The new rules will not only affect Italian resident persons, being relevant for non-Italian taxpayers as well. Indeed, foreign investors will want to consider the impact of the Decree 128 when structuring the acquisition of Italian properties or the execution of transactions on assets that generate Italian source income (e.g., equity and derivative trades during dividend season). Where these transactions are structured in a tax efficient manner or allow to achieve certain tax advantages, they may be challenged by the Italian tax authorities relying on the GAAR.

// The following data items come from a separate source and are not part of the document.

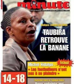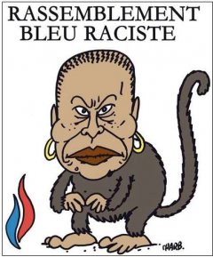 且慢,請仔細看看畫面上其他元素:圖像標題為「種族主義藍色政團」,但這明顯是由「海軍藍政團」(Rassemblement Bleu Marine)換一字變過來的,該政團由左下角出現黨徽的極右派政黨民族陣線(FN)所組建,夏布藉此諷刺該政黨、該團體全是一群種族主義者。而回頭看看法國極右派《Minute》雜誌某期封面,托必哈照片旁加註:「像猴子一樣聰明,托必哈找到香蕉」。
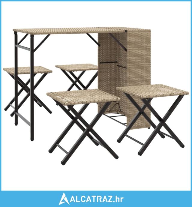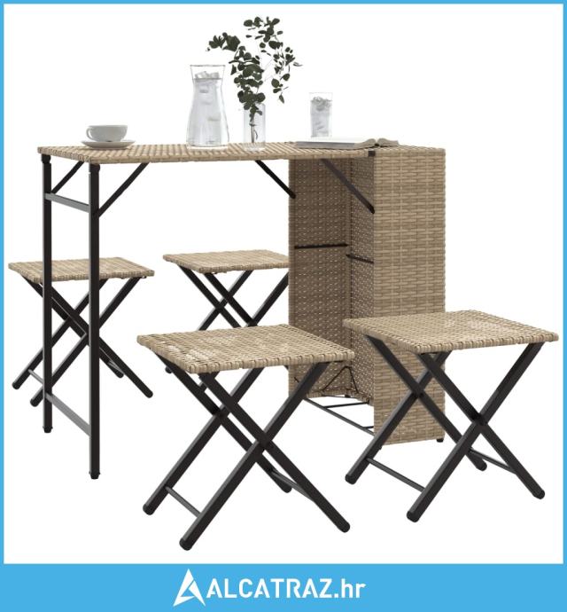 5-dijelni vrtni blagovaonski set sklopivi bež od poliratana - NOVO
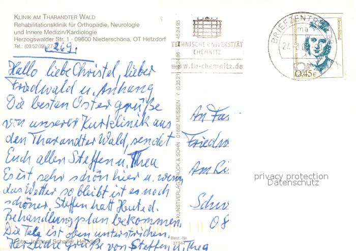 73652893 alte Postkarte Hetzdorf Halsbruecke Klinik am Tharandter Wald Parkanlagen postalisch gelaufen Erhaltung siehe scans [FriedD77] KatCode: 11110014177210

Reference would therefore be made to the new definition of abuse of law in Art. 10-bis of the TBR and the Revenue Agency would have to follow the procedures set out for GAAR assessments. In addition, these challenges should no longer entail the commencement of a criminal law proceeding.
But the new provisions may not only be relevant for the future. Indeed, they may also apply retrospectively to previous transactions that have not been formally assessed yet by the Revenue Agency under the old rules. Moreover, they may positively affect ongoing criminal law proceedings that are based on abuse of law challenges since abusive conducts can no result in a tax crime.